For high-risk AI systems, organizations must implement a risk management system throughout the AI lifecycle, establish data governance practices, maintain technical documentation for conformity assessment, build logging and monitoring capabilities, ensure human oversight mechanisms, and achieve appropriate levels of accuracy, robustness, and cybersecurity.
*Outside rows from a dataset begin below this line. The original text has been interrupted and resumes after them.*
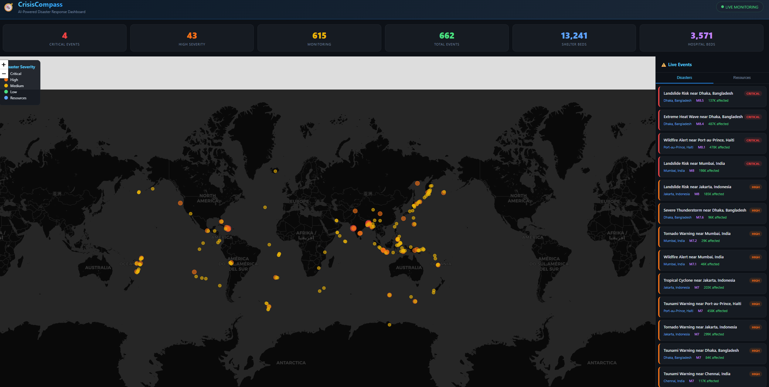 - Open data sources: USGS Earthquake API, OpenWeather, and synthetic resource datasets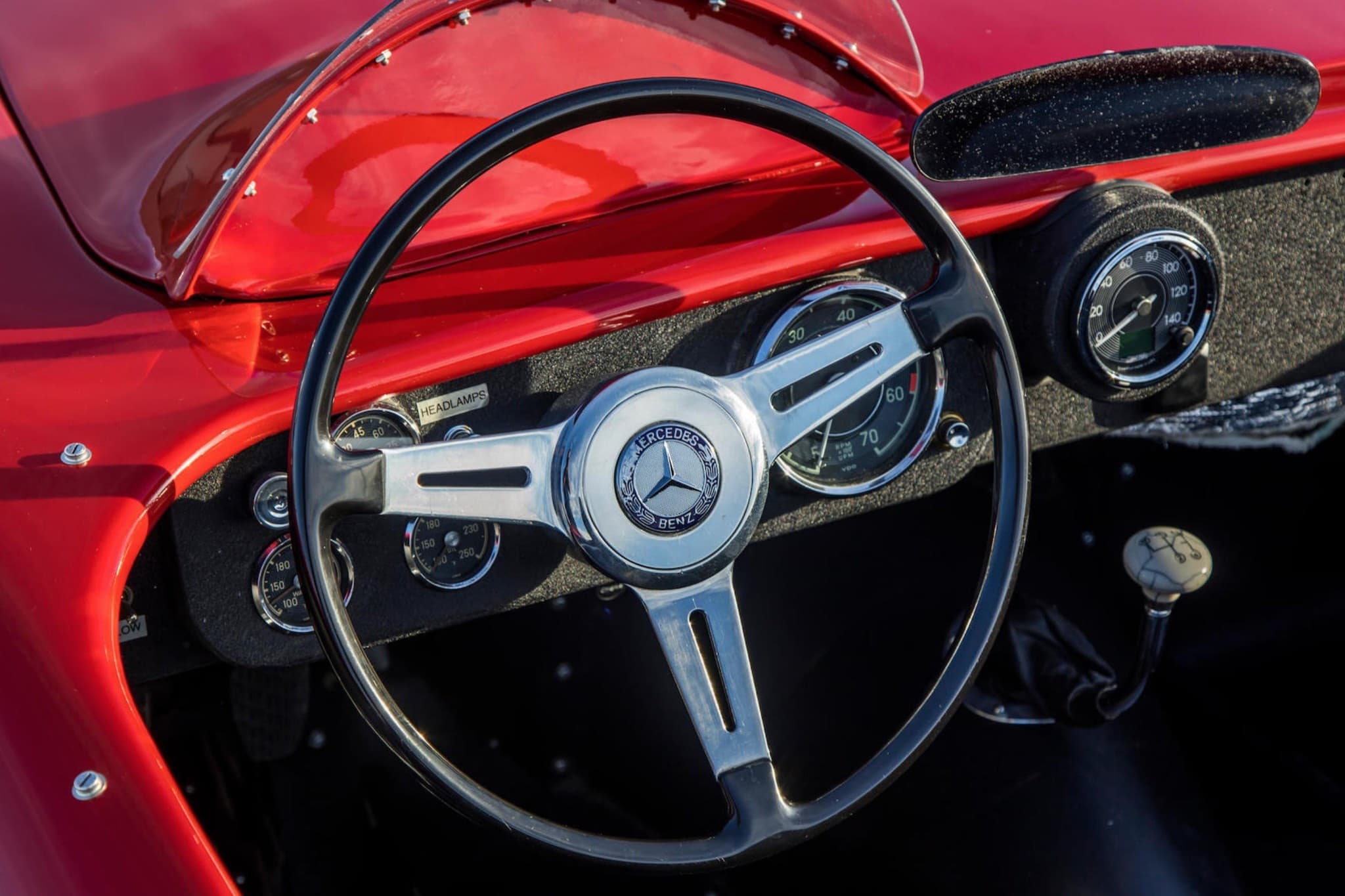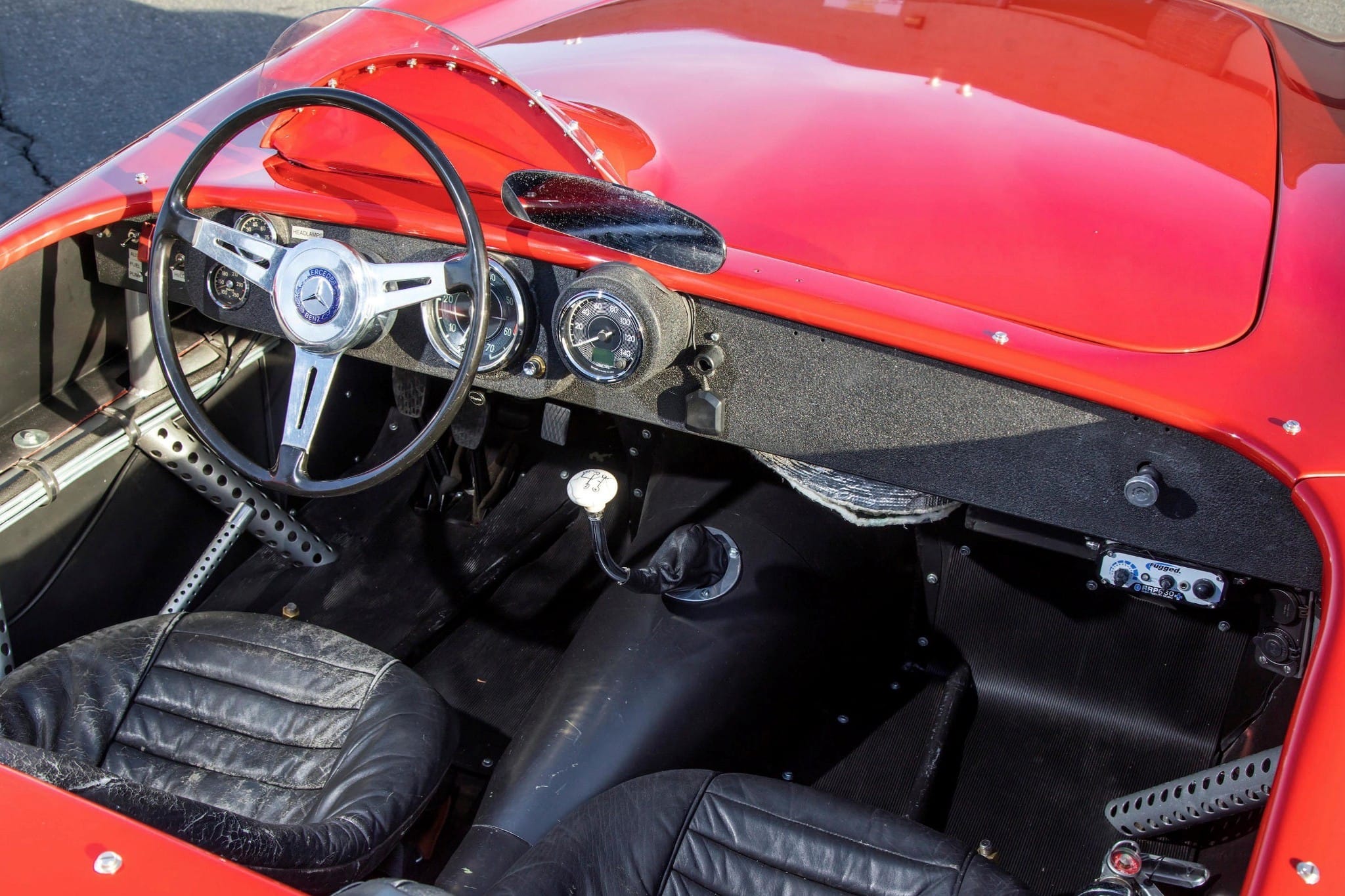 Où l’ont-ils récupéré ? C’est la grande question ! Mais à la fin de l’année 1955 le duo enlève le moteur XK pour le remplacer par un moteur de Mercedes 300 SL…. un 6 cylindres en ligne à injection de 240 chevaux qui avait été préparé en vue des Mille Miglia…. la voiture y gagne un logo Mercedes sur le capot et un autre sur le volant… Mercedes n’y est pour rien, le public croit que les deux compères font partie du “Team-Usine-Mercedes”… mais le châssis ne supporte pas cette puissance… les freins en particulier n’arrivent plus à stopper l’auto… on la retrouve cependant en 1957, gagnante d’une course à La Junta, pilotée par Kircher….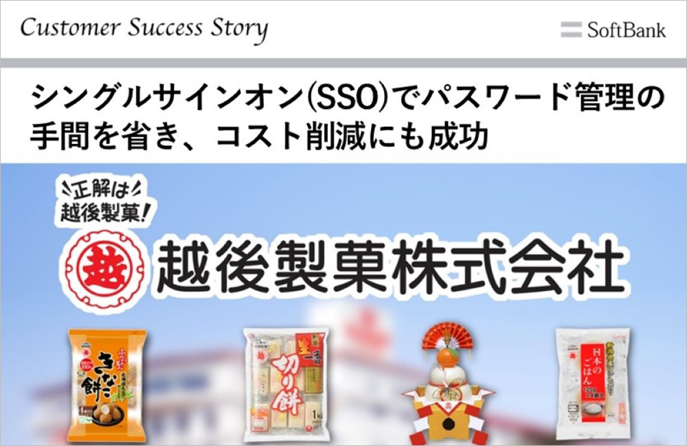 新潟県に拠点を置き、米を材料とした食品の製造販売を行っている越後製菓株式会社(以下:越後製菓)。以前はスケジュールをローカルで管理していましたが、機器の更新を機にクラウドサービスのサイボウズに切り替えました。その際、管理に伴うセキュリティ対策としてビジネス・コンシェル デバイスマネジメント(BCDM)のオプションサービス「シングルサインオン(SSO)無制限」を採用。クラウドサービス数が増えてもコストが抑えられるSSO無制限プランを選択した事で、セキュリティの強化とパスワード入力の手間を省いたことによる利便性の向上を実現し、年間約40万円のコスト削減にもつながりました。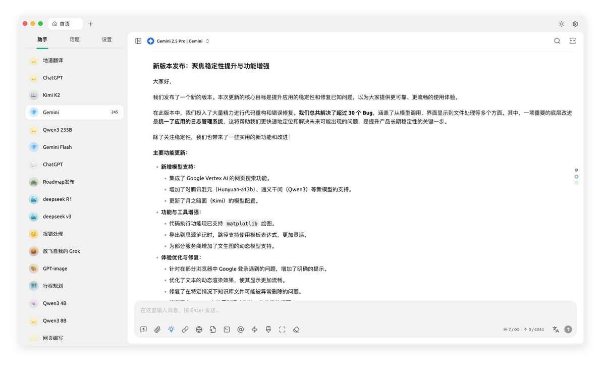 新版本还增加了浮动侧边栏,方便快速切换模型和助手;改进了文字流式输出体验;引入了由Alibaba Cloud EDAS团队提供的Trace(调用链路可视化)功能,并在开发者模式下可查看Trace数据。此外,还修复了多模型对比时不能横向滑动的问题,并进行了其他错误修复和性能优化。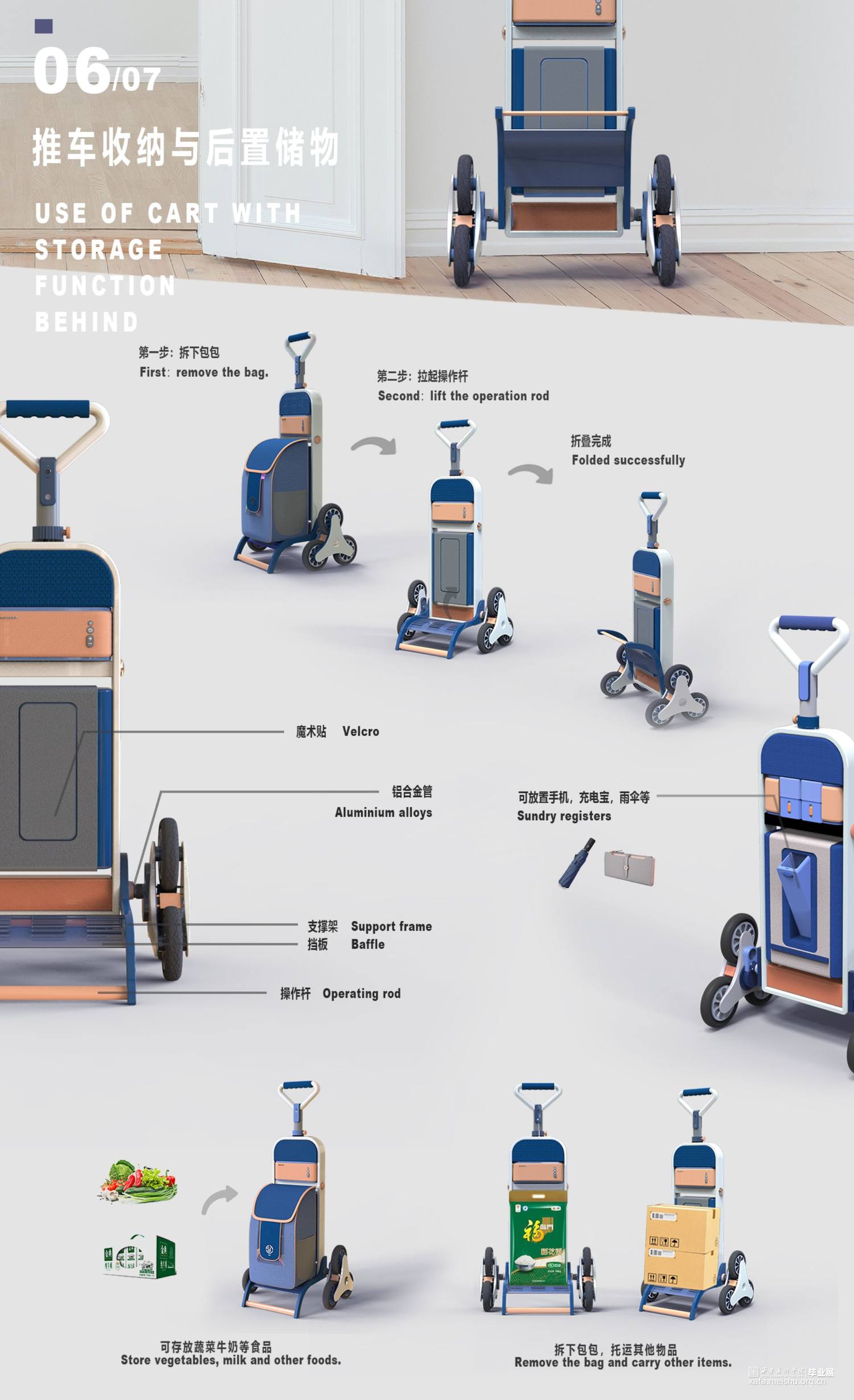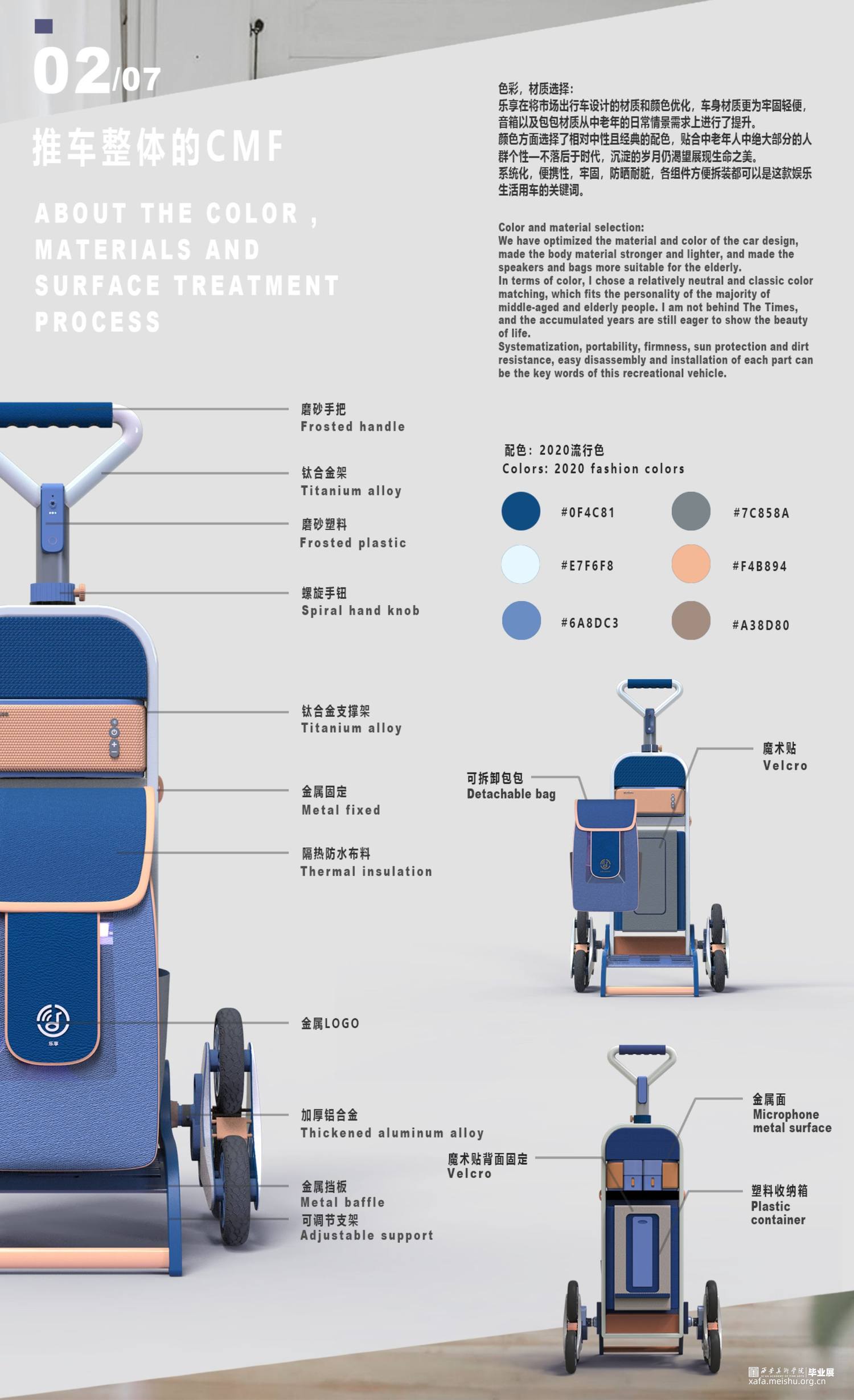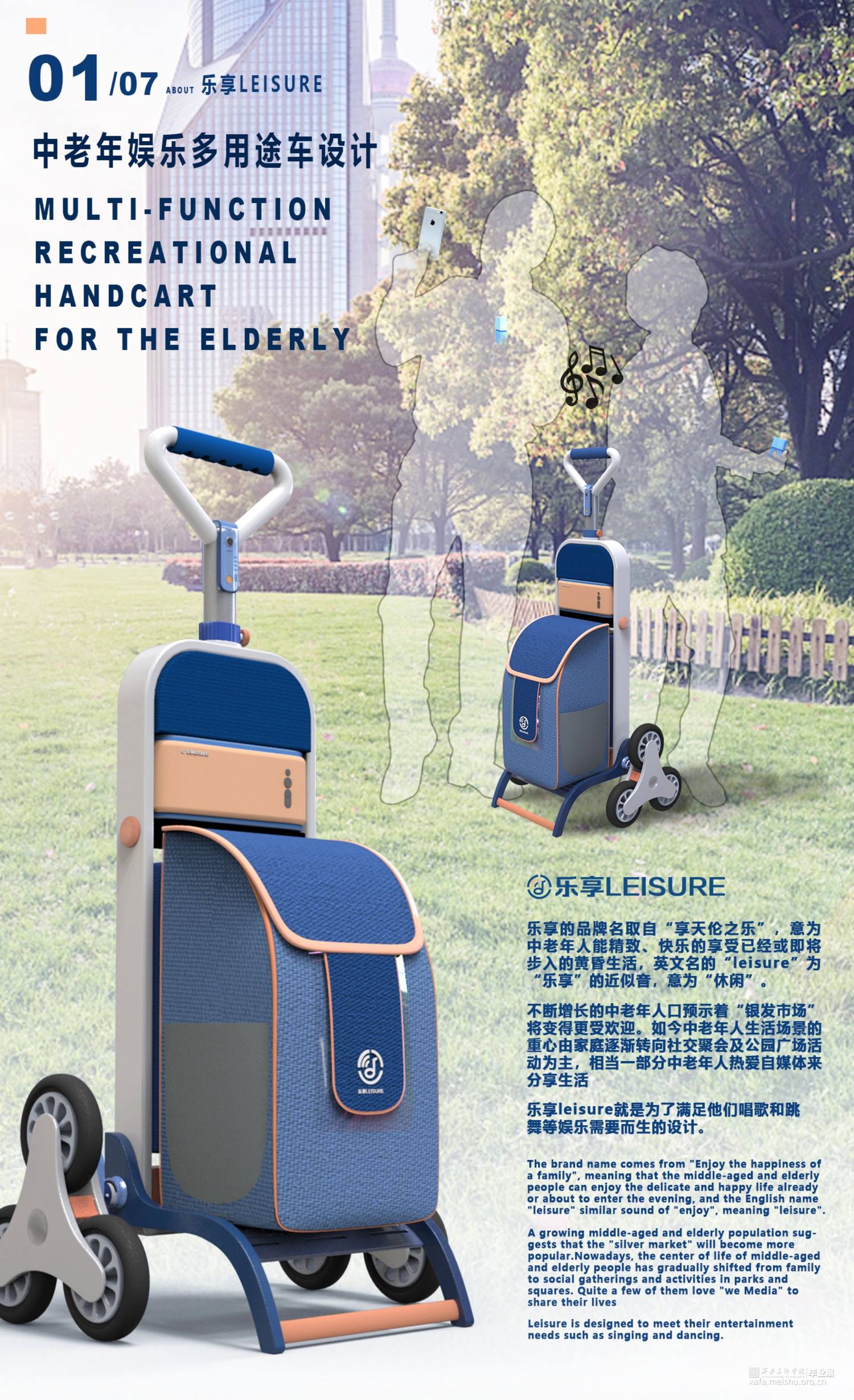 实体产品“乐享LEISURE娱乐多用途手推车”整车分为把手摄像组、可拆卸音响麦克风组、出行包组、车身支架几部分构成

Penalties for non-compliance are severe: up to €35 million or 7% of global annual turnover for prohibited practices, up to €15 million or 3% for other violations. The EU AI Office is building enforcement infrastructure now.

How to prepare now

1

Inventory all AI systems deployed or developed by your organization

2

Classify each system according to the AI Act risk categories

3

Gap-assess current documentation and governance against requirements

4

Implement conformity assessment processes for high-risk systems

5

Use regulatory intelligence tools to track evolving guidance from the EU AI Office

Frequently asked questions

When does the EU AI Act take effect?

The EU AI Act entered into force on August 1, 2024, with a phased implementation: prohibited AI practices banned since February 2025, GPAI transparency requirements since August 2025, and high-risk AI system obligations taking effect on August 2, 2026. Penalties for non-compliance can reach €35 million or 7% of global turnover.

How to classify AI systems under the AI Act?

The AI Act defines four risk categories: (1) Unacceptable risk, banned (social scoring, real-time biometric identification), (2) High-risk, subject to conformity assessment (AI in critical infrastructure, employment, education, law enforcement), (3) Limited risk, transparency obligations (chatbots, deepfakes), (4) Minimal risk, no obligations. Most enterprise AI systems fall under high-risk or limited-risk categories.